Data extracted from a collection
>>

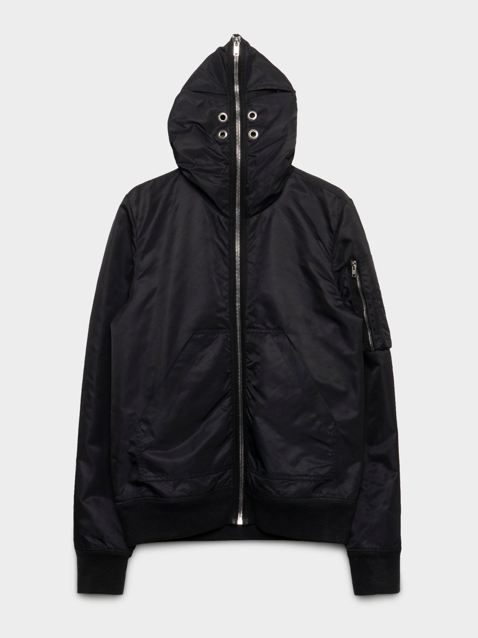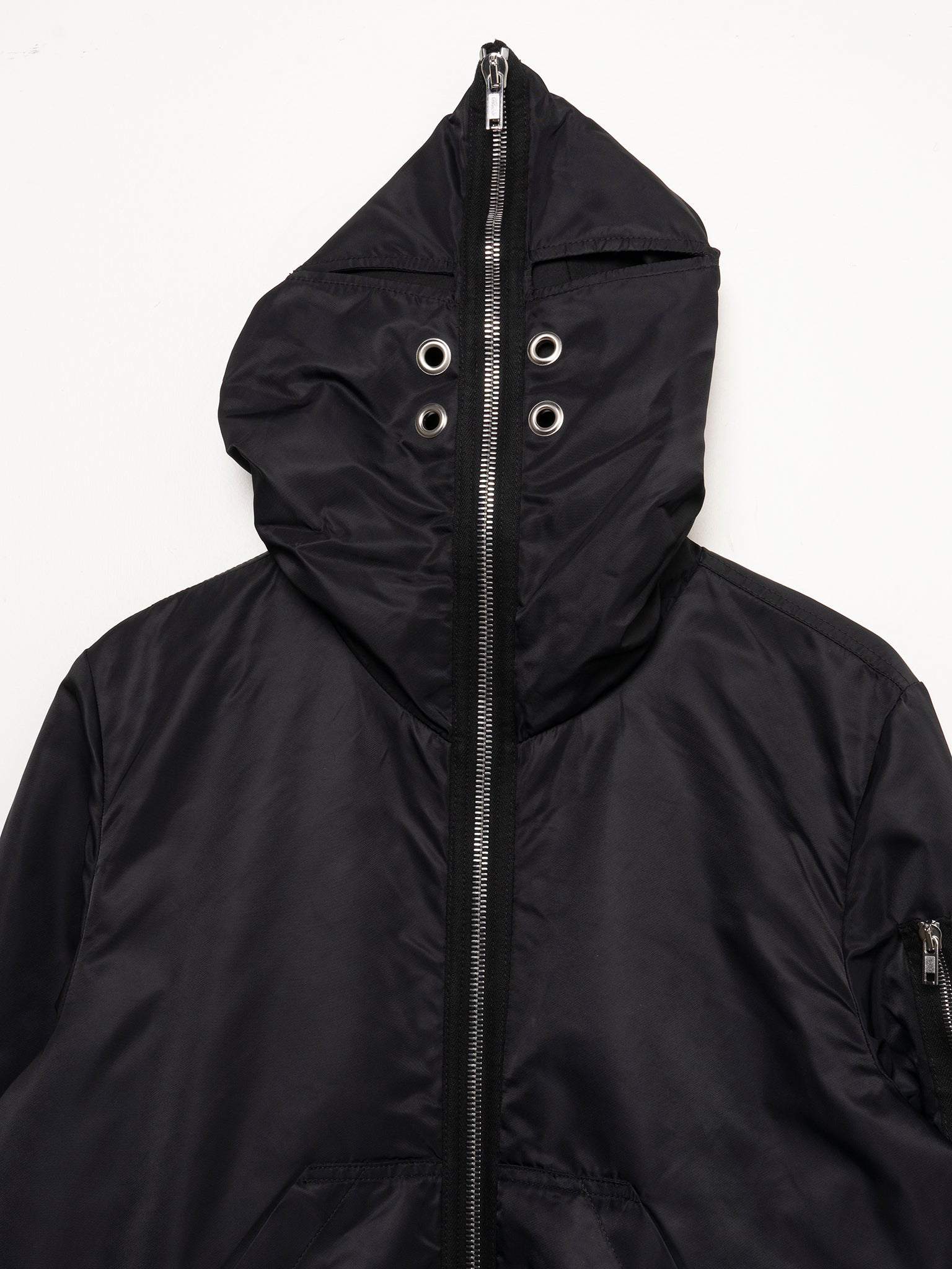 From Rick Owens's SS24 collection 'Lido' comes this lightweight nylon full zip gimp jacket with eyelets on the closed hood.
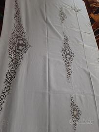 Antica tovaglia del 1956 in puro Lino 12 posti con ricami a mano in merletto di Burano misura mt290× 170 più dodici tovaglioli misura 40 x 40 + 12 sottobicchieri 10cm diametro più due sotto bottiglie14cm diametro,più una tovaglia da the misura 90×90 con 12 tovaglioli misura 20 x 20 sempre con ricami in merletto di Burano. Per eventuali info e foto contattami
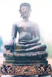 Buddha statue: "Phra Phutthamani Maitri Rattana" (Thai: พระพุทธมณีไมตรีรัตนะ, "the jewel Buddha of precious friendship"). Formerly, it was untitled but called "Phra Phuttharup Chiang Saen Sing Sam" (th: พระพุทธรูปเชียงแสนสิงห์ 3, "Chiang Saen's Three Lions Buddhist Statue). On 1 July 2004, Somdet Phra Nyanasamvara, the Supreme Patriarch of Thailand) gave it its present name to celebrate the school's centenary in 2008. The statue is bronze, dating back around 400–500 years to the Chiang Saen period. Having a size identical to a mature child sitting in a meditative posture, its length is 17 inches. Three lions mentioned in the name are the artistic features of the statue: lion-like feature, divine-like feature, and Buddha-like feature.[7] Presently, it is installed in Building 1's auditorium as the principal Buddha statue.
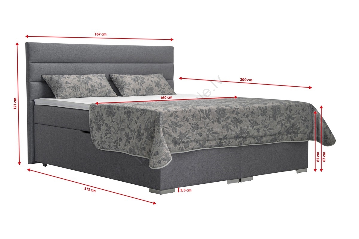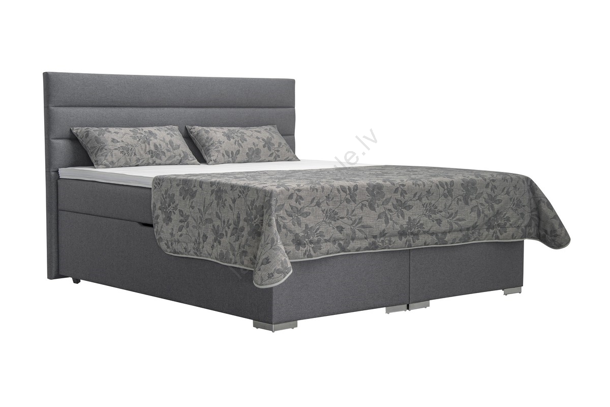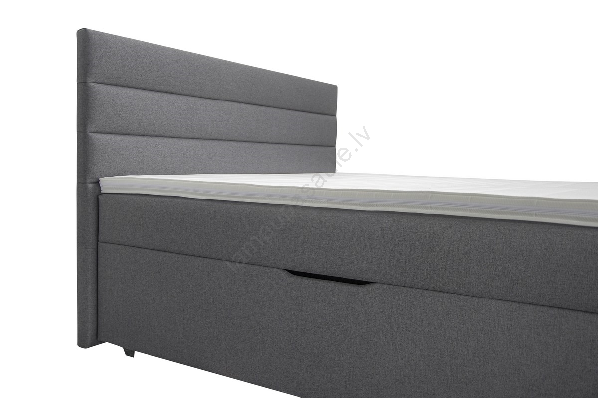 Polsterēta gulta NEW BOLERO ar uzglabāšanas nodalījumu un virsmas matračiem 160x200 cm, pelēka
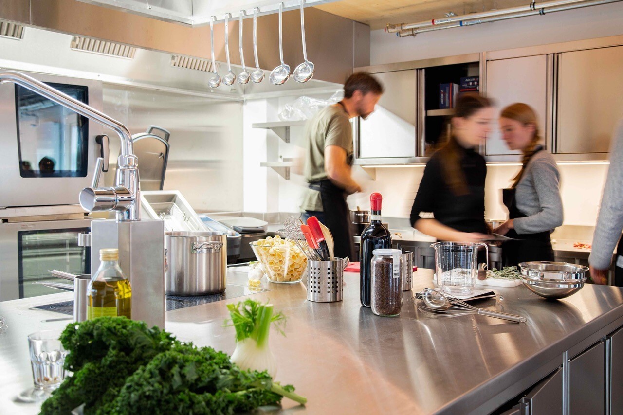 Organisationen können bei dieCuisine einen CSR-Teamseinsatz buchen. Unter professioneller Anleitung kocht das Team Menüs und konserviert Überschüsse für die Lebensmittelabgabe.
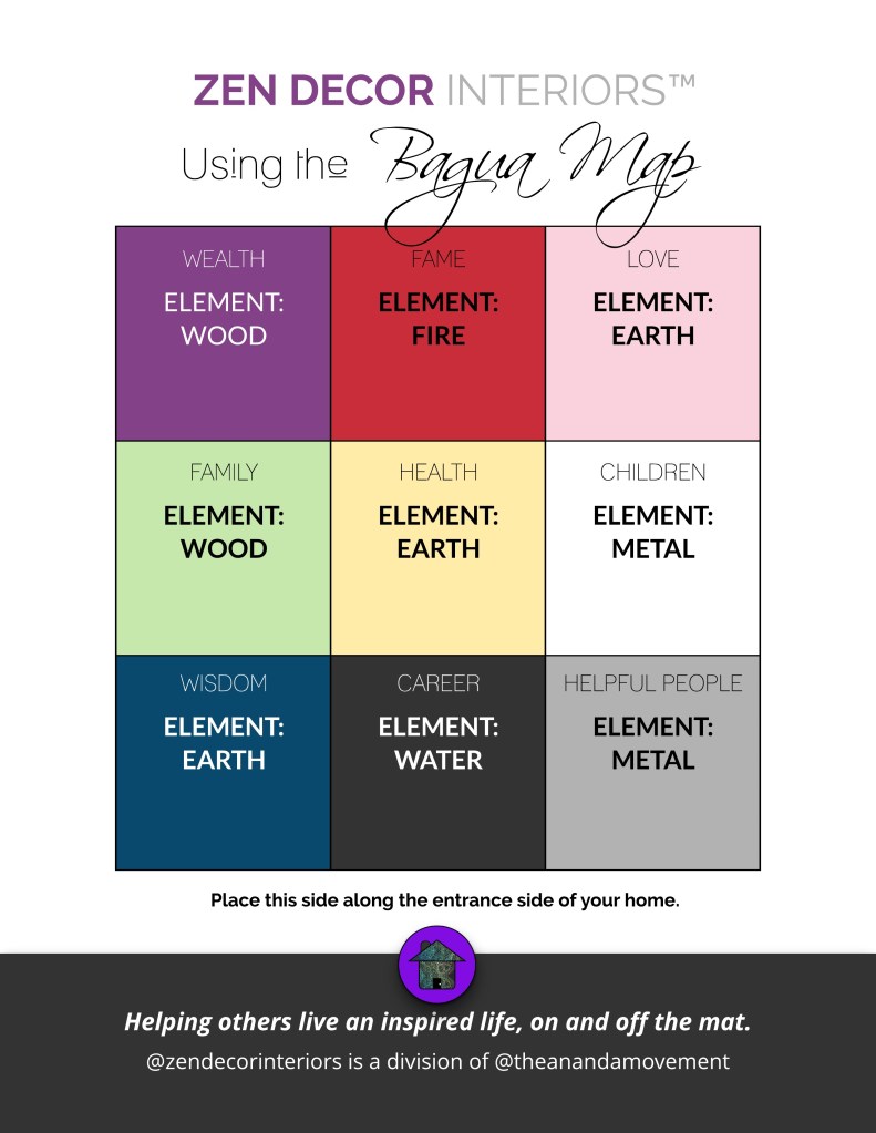 Feng Shui principles coincide with the 5 earth elements: Earth, Water, Fire, Metal and Wood. Each element has unique energetic properties that help attract certain outcomes. Therefore, the Bagua Map is used to determine how you can balance the energy in your home for optimal results.
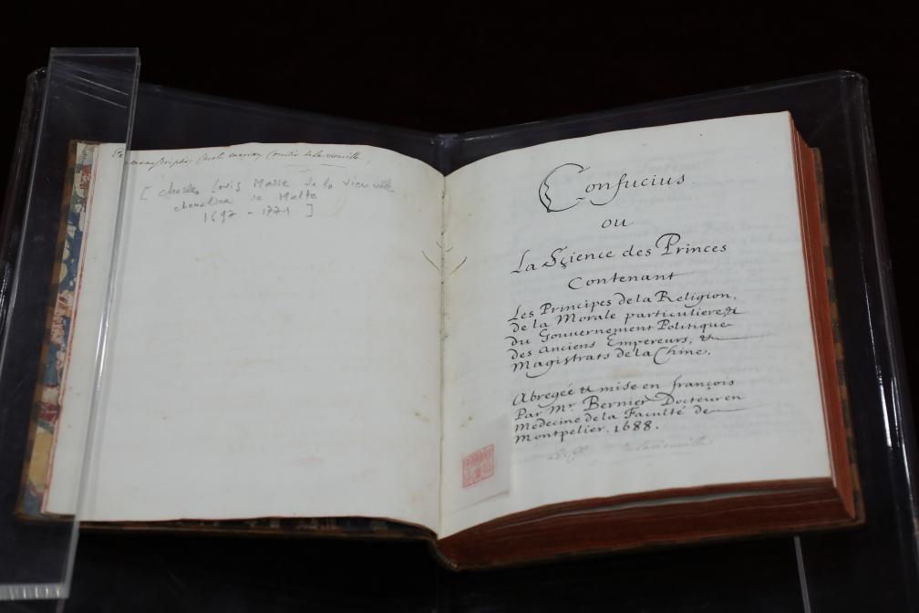 2024年1月28日典藏于中國(guó)國(guó)家圖書館中的法國(guó)國(guó)禮《論語導(dǎo)讀》(資料照片)。新華社記者張爽 攝
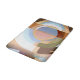 Um tapete de banho no estilo Art Deco com uma moderna reviravolta abstrato com um padrão gráfico de círculo pintado por na moda em ricos castanhos quentes e blues macios e pulverulentos. Escolha entre 3 tamanhos.
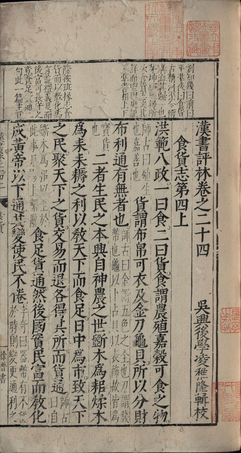 漢書評林序、萬曆辛巳王世貞刻漢書評林序、王宗沐凌氏新刻漢書評林序、何洛文刻漢書評林序、茅坤漢書評林序、萬曆癸未陳文燭
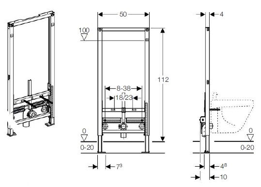 Межосевое расстояние под крепёжные шпильки биде 18 см или 23 см Рама порошковой окраски, синий ультрамарин, самонесущая конструкция Ножки оцинкованные, с бесступенчатой регулировкой 0 - 20 см Опорная площадка поворотная, для монтажа в U-образный профиль UW 50 и UW 75 Самостопорящиеся опоры для выравнивания элемента без применения инструментов. Высота монтажного элемента 112 см. Рама порошковой окраски, синий ультрамарин.В обьем поставки не входит угловые фитинги для подключения воды и крепеж к стене.
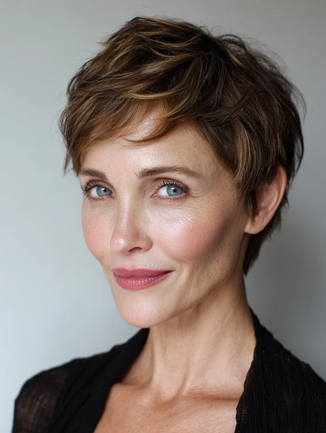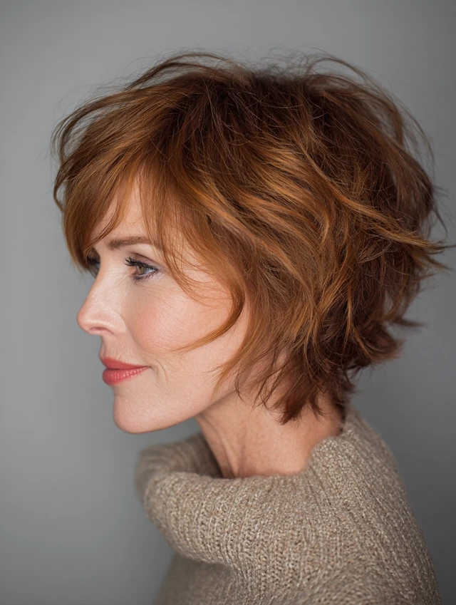 Pixie cut, layered bob, short shag, chin-length bob, or textured crop.
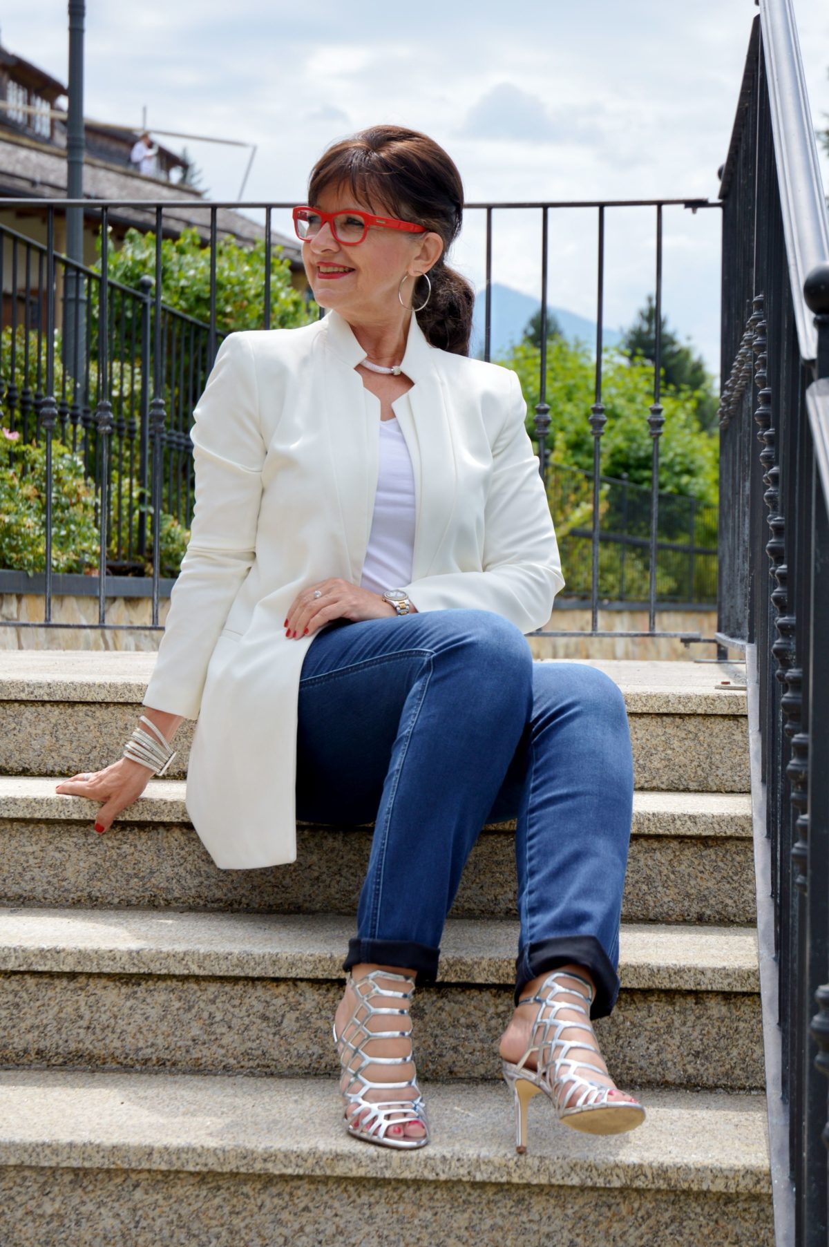 Wir sind noch mitten in der Sommersaison. Wie wäre es, eine Jeans mit offenen, auffälligen Highheels zu kombinieren. Der weiße Longblazer wirkt clean und absolut stilvoll. Für mich eine gute Wahl für ein Dinner in der Urlaubszeit. Es muss ja nicht immer Sneakers, Jeans und Shirt sein, wenn wir ausgehen.
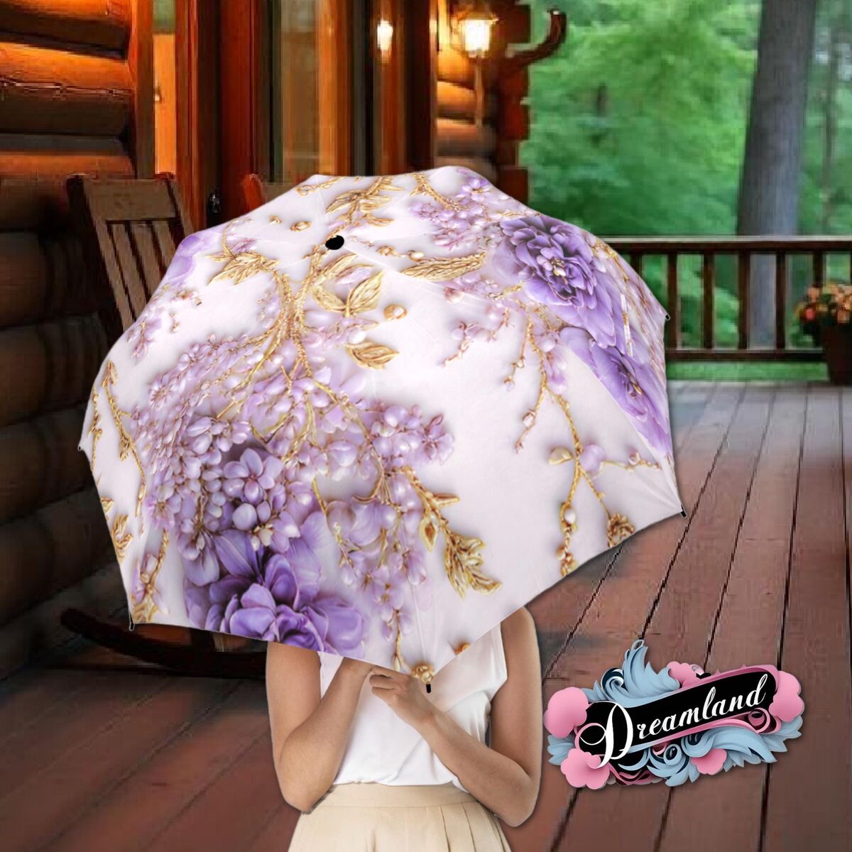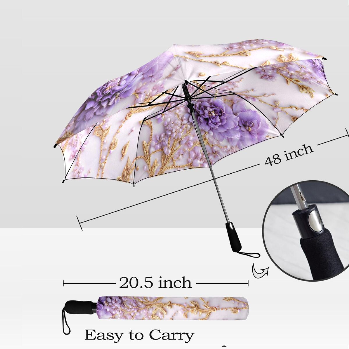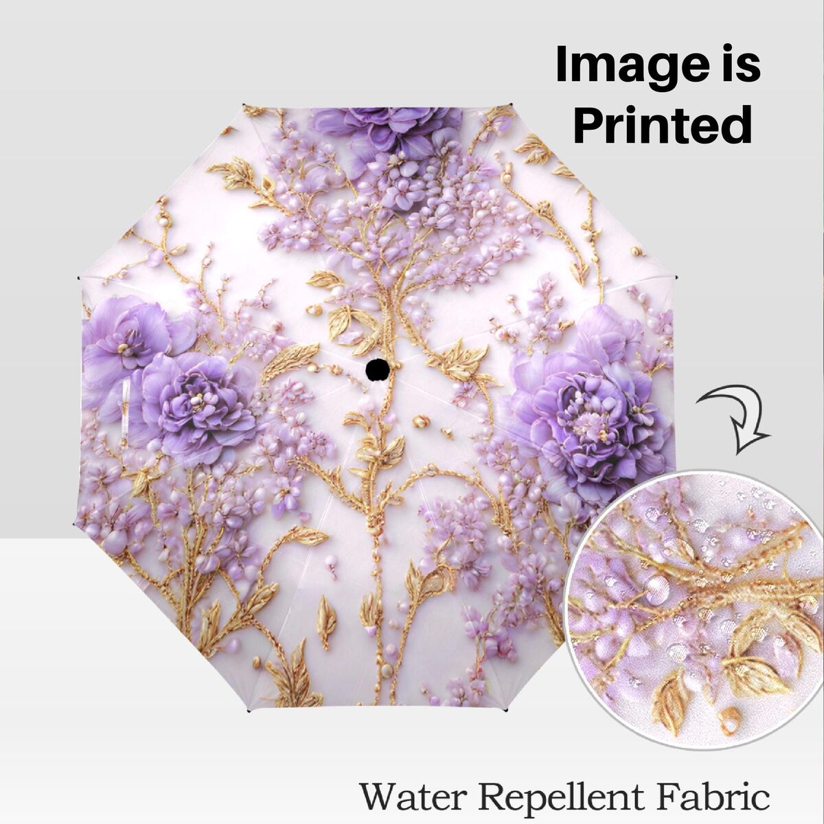 Purple Gold White Floral Unique Umbrella Art Nouveau Style Printed Faux Flowers Beads Parasol Semi-Automatic Waterproof Foldable Umbrella

<<

* _What to produce_
Output only the lines above from the line that holds "Polsterēta gulta NEW" through the line that holds "Межосевое расстояние под", both ends included, and exclude pictures.

* _Solution to this task_
 Polsterēta gulta NEW BOLERO ar uzglabāšanas nodalījumu un virsmas matračiem 160x200 cm, pelēka
 Organisationen können bei dieCuisine einen CSR-Teamseinsatz buchen. Unter professioneller Anleitung kocht das Team Menüs und konserviert Überschüsse für die Lebensmittelabgabe.
 Feng Shui principles coincide with the 5 earth elements: Earth, Water, Fire, Metal and Wood. Each element has unique energetic properties that help attract certain outcomes. Therefore, the Bagua Map is used to determine how you can balance the energy in your home for optimal results.
 2024年1月28日典藏于中國(guó)國(guó)家圖書館中的法國(guó)國(guó)禮《論語導(dǎo)讀》(資料照片)。新華社記者張爽 攝
 Um tapete de banho no estilo Art Deco com uma moderna reviravolta abstrato com um padrão gráfico de círculo pintado por na moda em ricos castanhos quentes e blues macios e pulverulentos. Escolha entre 3 tamanhos.
 漢書評林序、萬曆辛巳王世貞刻漢書評林序、王宗沐凌氏新刻漢書評林序、何洛文刻漢書評林序、茅坤漢書評林序、萬曆癸未陳文燭
 Межосевое расстояние под крепёжные шпильки биде 18 см или 23 см Рама порошковой окраски, синий ультрамарин, самонесущая конструкция Ножки оцинкованные, с бесступенчатой регулировкой 0 - 20 см Опорная площадка поворотная, для монтажа в U-образный профиль UW 50 и UW 75 Самостопорящиеся опоры для выравнивания элемента без применения инструментов. Высота монтажного элемента 112 см. Рама порошковой окраски, синий ультрамарин.В обьем поставки не входит угловые фитинги для подключения воды и крепеж к стене.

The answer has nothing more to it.